Thanks for posting this problem alongside the other one on Partial
Differential Equations, as it allows me to give a fuller explanation
of the method of characteristics which I used there in the solution of
one part.

The fully worked solution of this current problem:

U_t + U U_x = 0

with the piecewise-linear continuous initial conditions:

          /     1   for x <= 0
U(x,0) = {   (1-x)  for 0 < x <= 1
          \     0   for 1 < x

may be found in a PostScript document authored by Agnes Tourin at:

[Systems of Conservation laws and vanishing viscosity]
(see page 5 of 12)
http://www.math.toronto.edu/~atourin/chapter10.ps

We first describe the solution, and then briefly sketch how it is
found by the method of characteristics.

The homogeneous differential equation gives rise to solutions which
are constant along lines (characteristics) whose slopes depend upon
the initial condition. Up to time t=1 these characteristic lines do
not intersect, and a continuous closed-form solution may be given as
follows:

For 0 < t < 1:

          /     1       for x <= t
U(x,t) = { (1-x)/(1-t)  for t < x <= 1
          \     0       for 1 < x

The resulting limit as t tends to 1 produces a discontinuity, which
corresponds to the fact that at t = 1 and above there are
intersections between characteristic lines.  The following is a
solution for t >= 1 which satisfies the Rankine-Hugoniot condition:

          /     1   for x < (1+t)/2
U(x,t) = {
          \     0   for x > (1+t)/2

The jump discontinuity at x = (1+t)/2 is often colorfully described as
a "shock wave" because of the historical association of Burger's
equation with fluid mechanics.

The solution is said to be "physically correct" in the sense that
following any point backward in time along a characteristic line, we
do not not encounter another such line.  However the same is not true
going forward in time, as all characteristic lines eventually
intersect the line of discontinuity or "shock wave".

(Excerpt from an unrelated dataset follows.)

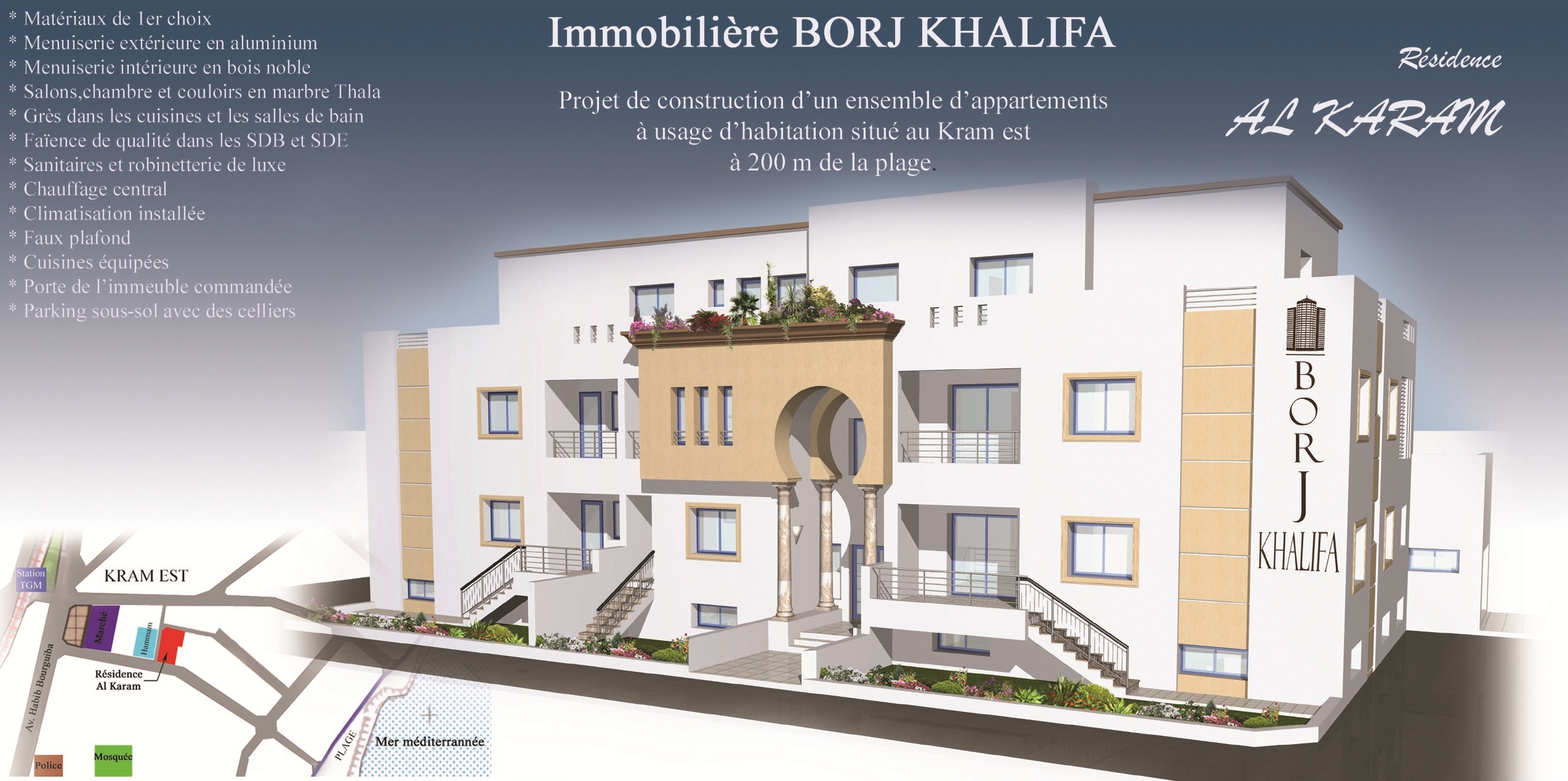 Projet El Karam, est un projet de construction d'un ensemble d'appartements Haut standing, contemporains et raffinés à usage d'habitation, situé au Kram, à 200m de la plage.

What the Rankine-Hugoniot condition does is to specify the "speed of
propagation" of the jump discontinuity.  How it does so in this case
may be summarized as follows.

Recall that we can express Burger's equation in "conservation form"
thusly:

U_t + (F(U))_x = 0

where scalar function F(u) = u^2/2.

The Rankine-Hugoniot condition requires that the speed of propagation
v of the jump discontinuity must agree with the difference quotient:

v = (F(U_+) - F(U_-))/( U_+ - U_- )

where U_+ and U_- correspond to the limiting values of U on the upper
and lower sides of the jump discontinuity, respectively.  Here we have
a solution that "jumps" from 1 (on the lower side) to 0 (on the upper
sides), so the computation of speed gives:

v = ( 0 - 1/2 )/( 0 - 1) = 1/2

In this way the discontinuity's boundary line x = (1+t)/2 is fully
determined by having slope v = 1/2 and passing through the point (x,t)
= (1,1) where we know the discontinuity initally arises.

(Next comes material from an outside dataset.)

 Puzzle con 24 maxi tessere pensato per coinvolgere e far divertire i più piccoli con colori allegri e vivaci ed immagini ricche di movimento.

Let us say a few more words about the method of characteristics,
particularly to point out why the characteristic curves are straight
lines in the current problem but were parabolic curves in part (a) of
your other posting.

What is common to both analyses is the use of a characteristic curve x
= x(t) satisfying:

dx/dt = U

so that the total derivative wrt time agrees with the left-hand side
of the PDE:

dU(x(t),t)/dt = U_t + U U_x

In the current case the homogeneous PDE gives us that:

dU/dt = 0

along a characteristic curve, and therefore that U is constant along
such a path.

But then dx/dt = U is also constant along such paths, and therefore
the characteristic curves are simply straight lines.  Their slopes,
however, will depend on the points at which the various characteristic
lines hit the x-axis and the intial value of U(x,0) prescribed there
(since the value of U is constant along this path).

One therefore has characteristic lines of slope 1 which issue forth
from the negative side of the x-axis (where dx/dt = U(x,0) = 1 by the
initial condition), and lines of slope 0 (considering x as a function
of t) issuing from the portion of the x-axis where x > 1 (with
characteristic lines of intermediate slopes in between).  In
particular the characteristic lines issuing from x in [0,1] all
intersect at (x,t) = (1,1), and hence the discontinuity arises
"naturally" at that point.

We did not dwell on the point in our construction of the solution to
part (a) of the other problem, but the characteristics curves there do
not intersect.  This was implicit, however, in our computation of a
unique "issue" point (x(0),0) corresponding to any given point (x,t)
in the upper half plane t > 0.


Search Strategy:

Keywords: "Burger's equation" "method of characteristics"
://www.google.com/search?hl=en&ie=UTF-8&oe=UTF-8&q=%22Burger%27s+equation%22+%22method+of+characteristics%22&btnG=Google+Search

regards, mathtalk-ga